Il y a des spectacles qu’on va voir.
Et puis il y a ceux qu’on attend secrètement sans vraiment oser l’avouer.
Pendant longtemps, je n’ai connu Le Roi Soleil qu’à travers un écran,
Une histoire à distance.
Et puis un soir, le rideau s’est levé…
Derrière cette histoire que je connaissais presque par cœur, il y a aussi une œuvre devenue culte : la comédie musicale Le Roi Soleil, créée en 2005 et inspirée de la vie de Louis XIV. Vingt ans plus tard, le spectacle est revenu sur scène, porté notamment par Emmanuel Moire dans le rôle du roi — comme si certaines histoires refusaient simplement de disparaître.
C’était un rendez-vous manqué avec une époque que je n’avais pas choisie. J’étais arrivée trop tôt… ou trop tard.
Je connaissais tout. Les silences avant les notes. Les envolées qui donnent des frissons. Les paroles qui, sans prévenir, vous serrent un peu le cœur.
Mais je ne savais pas ce que ça faisait d’être là. D’entendre les premières mesures résonner sans filtre. De sentir la salle retenir son souffle.
Il y a des rêves qui restent sages.
Et puis il y a ceux qui insistent.
Alors quand le rideau s’est levé, ce n’était pas seulement le début d’un spectacle.
C’était le début d’une rencontre que j’attendais depuis vingt ans sans vraiment l’avoir formulée...
On m’avait dit qu’il fallait le voir.
Qu’on ne ressortait pas indemne.
Que c’était le genre de spectacle où les yeux brillent autant que les oreilles.
Je l’avais regardé sur YouTube, la toute première version, il y a quelques années. Un écran entre lui et moi. Un écran entre moi et ce que j’aurais voulu vivre. J’étais trop jeune à sa sortie. Trop jeune pour comprendre. Trop jeune pour choisir d’y aller.
Depuis, je connaissais les chansons par cœur. Elles vivaient en moi. Elles revenaient sans prévenir, dans ces moments un peu flous où l’on se raccroche à quelque chose de familier.
Mais je n’avais jamais vécu "LE" moment.
J'avais envie de rêver.
Juste quelques heures.
Me retrouver à l’époque des pièces de Molière que j’ai tant lues.
Imaginer les couloirs de cour, les intrigues murmurées derrière les éventails.
Croire, l’espace d’un instant, que nous étions au XVIIe siècle.
Que les costumes faisaient partie du quotidien.
Que les dorures n’étaient pas qu’un décor.

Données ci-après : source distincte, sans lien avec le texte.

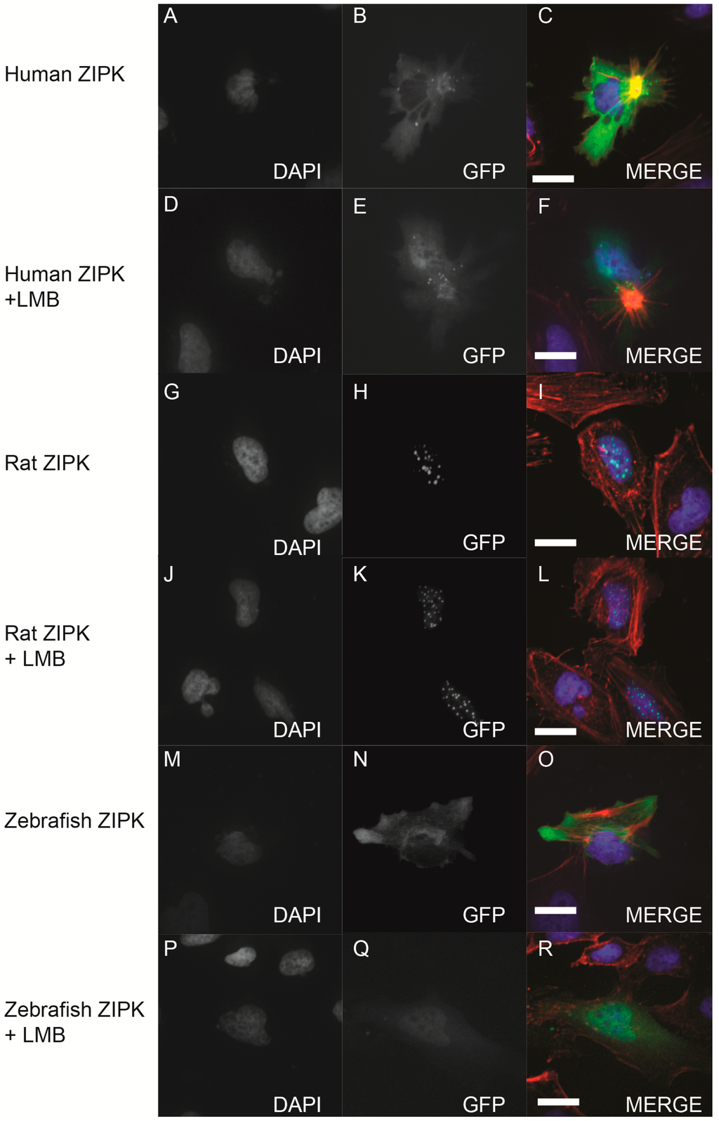 Nucleo-cytoplasmic shuttling of zebrafish ZIPK. HeLa cells were transfected with either human GFP-ZIPK (A–F); rat GFP-ZIPK (G–L); or zebrafish GFP-ZIPK (M–R). All cells were fixed and stained with DAPI and Alexa 568-phalloidin. The cells in (A–C, G–I, M–O) were treated with 0.1% DMSO; while the cells in (D–F, J–L, P–R) were treated with 50 nM leptomycin B for four hours. (A, D, G, J, M, P) are stained with DAPI; (B, E, H, K, N, Q) show subcellular localization of the GFP-fusion protein, while color images are a merge of DAPI (blue), GFP (green), and phalloidin (red). Each experiment was repeated three times with a minimum of 25 cells assayed per experiment. White bar indicates 20 μm.
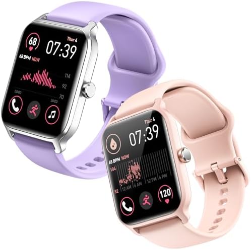 Fitpolo 2 Pack Smart Watches for Men Women, Alexa Built in & Bluetooth Call(Answer/Make), Fitness Tracker with Heart Rate SpO2 Sleep Monitor, IP68 Waterproof, Purple+Pink

Que la musique pouvait raconter l’Histoire avec autant de grandeur que d’émotion.
Le Duc de Beaufort derrière moi
Et puis, quand le retour a été annoncé, je n’y ai pas cru.
Pourquoi revenir là-dessus ?
C’était il y a vingt ans.
Une autre époque.
Je n’en parlais à personne, de cette passion secrète. Qui pouvait encore s’enthousiasmer pour une comédie musicale des années 2000 ? J’avais presque peur d’être “has been”, peur qu’on me dise que c’était dépassé.
Et pourtant…
La suite, vous la devinez !
Ce n’était pas qu’un spectacle.
C’était des retrouvailles.
Et surtout, j’ai découvert que je n’étais pas seule. Qu’il y avait autant de fans que moi - peut-être même davantage. Des regards brillants autour de moi. Des voix qui chantaient à l’unisson. Des sourires complices.
Ce n’est pas seulement une mise en scène, des costumes ou des tableaux grandioses.
C’est un lien invisible entre ceux qui y étaient hier et ceux qui y sont aujourd’hui.
C’est la preuve que certaines émotions ne vieillissent pas.
Qu’elles attendent simplement le bon moment pour revenir nous chercher.
Voilà la force du Roi Soleil.
Il ne cessera jamais de briller.
Et nous, nous rêverons encore.
Et vous, quel spectacle vous fait encore rêver aujourd’hui ?
PS : le duc de Beaufort était juste derrière moi à l'ouverture.